Kompozisyon:
Uygulama:
Tedavide kullanılır:
Kovalenko Svetlana Olegovna tarafından tıbbi olarak gözden geçirilmiştir, Eczane Son güncelleme: 26.06.2023

Dikkat! Sayfadaki bilgiler sadece sağlık profesyonelleri içindir! Bilgi kamu kaynaklarında toplanır ve anlamlı hatalar içerebilir! Dikkatli olun ve bu sayfadaki tüm bilgileri tekrar kontrol edin!

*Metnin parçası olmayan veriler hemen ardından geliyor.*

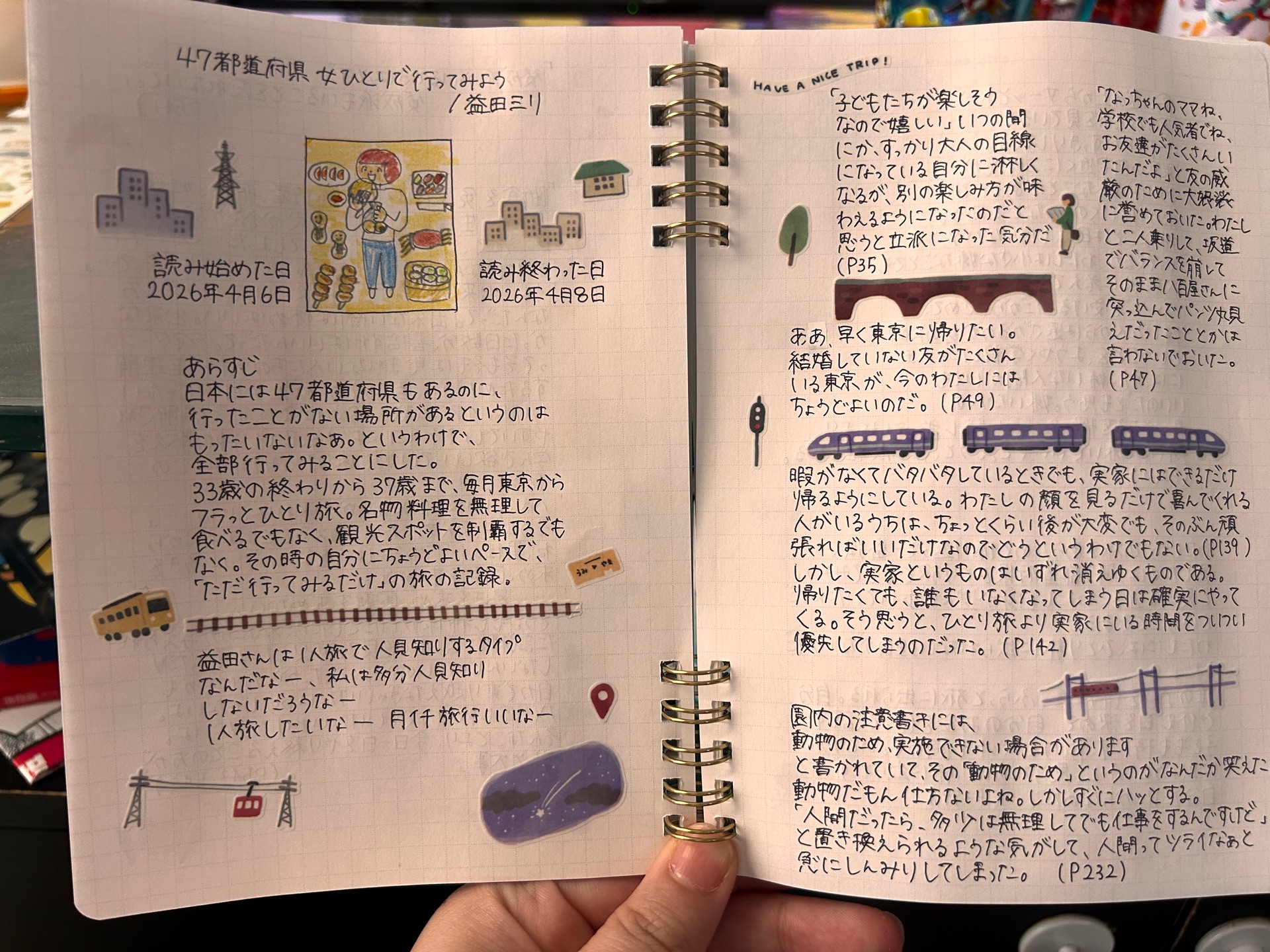 みたらしだんご@skysea8paq112026年4月8日読み終わった積読消化🌸 私もひとり旅大好きだから、いろんなところに行ってみたいなー。わたしは人とのふれあいに緊張しないタイプの人間だから、緊張する人はどんなふうに旅行しているのか、そういう人もいるんだなぁとまた一つ世界が広がった気持ち。

Aynı bileşenlere sahip en iyi 20 ilaç:
Milithin® (lityum karbonat), bipolar bozukluğun manik atakları tedavi edilirken endikedir. Bipolar bozukluk, manik (DSM-IV), eski DSM-II terminolojisinde manik-depresif hastalıklara karşılık gelir. Milithin® ayrıca bipolar bozukluk tanısı alan kişiler için idame tedavisi olarak endikedir. Bakım tedavisi manik atakların sıklığını azaltır ve ortaya çıkabilecek atakların yoğunluğunu azaltır.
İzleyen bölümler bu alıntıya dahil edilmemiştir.